Empleado 1, con seriedad: “¿Por qué no tomamos el dinero que hemos acumulado para este esfuerzo y se lo damos a voces independientes que están presentando sus programas que no son de superhéroes a Disney? ¿O dárselo a los empleados del parque mal pagados y con exceso de trabajo, que trabajan horas de castigo por salarios míseros?

Ejecutivo, enfurecido pero perfectamente tranquilo: “Empleados 1 y 2, gracias por asistir a esta reunión. Con efecto inmediato, ambos han sido degradados a la sala de correo”.

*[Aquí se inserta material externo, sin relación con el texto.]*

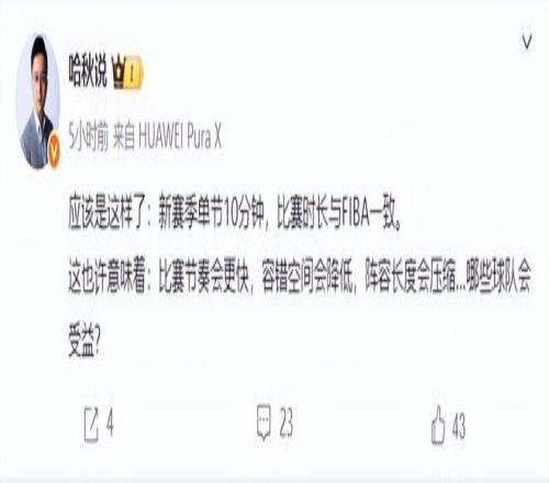 CBA确定重大改革,单节时间缩短为10分钟,有三利一弊!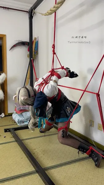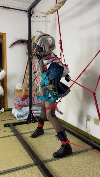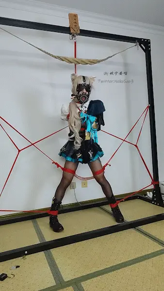 【坎喵】原神cos-琳妮特强制分腿+后手直臂吊缚强制罚站+强高+长时放置+脱缚失败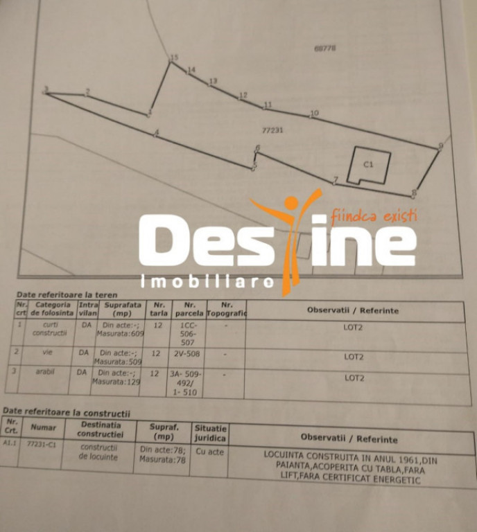 URICANI , CASA 78 MP,TEREN 1250 MP, 69.900 EURO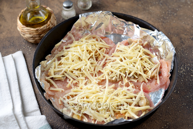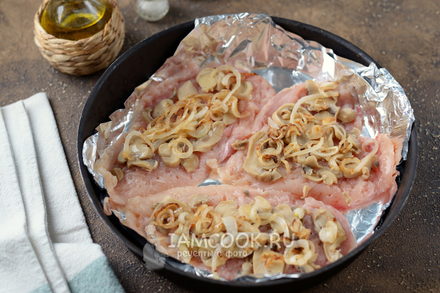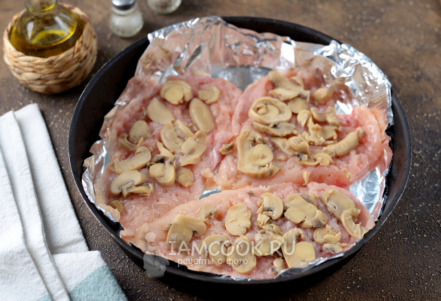 Сверху по курице разложите маринованные грибы в собственном соку.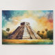 Puzzle with Chichen Itza, famous El Castillo pyramid of Maya Empire, Mexico.
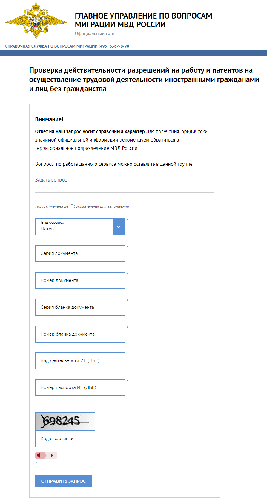 Хотя в интернете предлагают разные варианты, мы рекомендуем проверить патент на работу онлайн с помощью специального сервиса МВД РФ, которое после упразднения ФМС в 2016 году курирует вопросы миграционного учета в стране.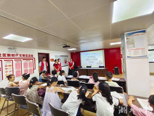 在陈家湾社区暑假“爱心托管班”开班仪式上,志愿者们按照小朋友们的年龄分为低龄班和高龄班,并根据兴趣爱好和实际学习需求,进行课后作业辅导和解答学习疑惑,进一步激发小朋友们的想象力和专注力,使小朋友们度过快乐充实的暑期时光。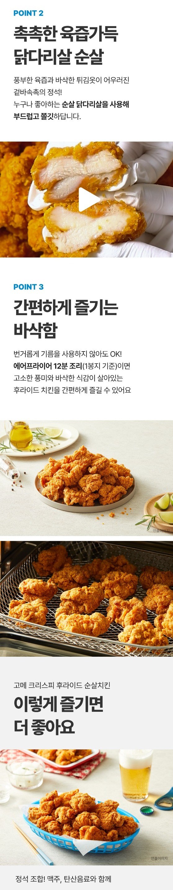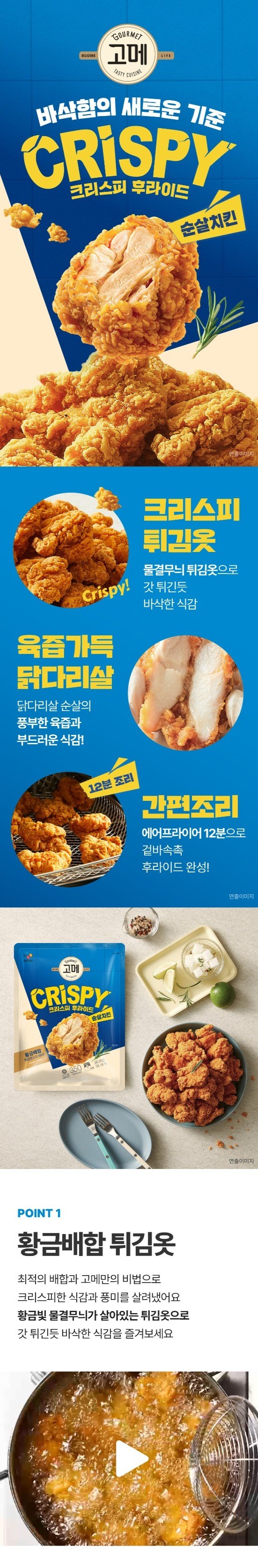 | 제품명 | 고메 크리스피 후라이드 순살치킨 | 식품의 유형 | 컨텐츠 참조 |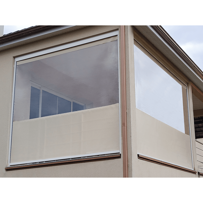 Le panoramique de hauteur 1,30 m est moins cher que le tout cristal et n’est pas limité en dimension ! Un soubassement est nécessaire car le cristal dans le bas du store s’abîme avec les pieds qui tapent dedans, les tables et chaises qui frottent… C’est ce qui se dégrade le plus vite et qui peut s’éviter avec un soubassement de 500 à 800 mm (hauteur table) qui laisse la vision panoramique. La toile micro-perforée périphérique rattrape les efforts si l’endroit exposé au vent (classe 3 jusqu’à 12m²). Si le store est resté enroulé pendant tout l’hiver, lors du déroulement le film peut présenter des effets de vagues.

Empleado 1, enojado: “Yo no—”

Ejecutivo: “¿No quiere salir de la sala de conferencias? Multa. El empleado 3 y yo vamos a discutir su aumento masivo”.

El ejecutivo se marcha con el empleado 3, cuya espalda recibe palmadas cordiales. Ambos están alegres, frotándose las palmas de las manos.

Empleado 1, a Empleado 2: “Le dije que deberíamos habernos sindicalizado”.

Se proporcionaron dos episodios y se examinaron para su revisión. «Ms. Marvel» se transmitirá semanalmente en Disney+ a partir del 8 de junio.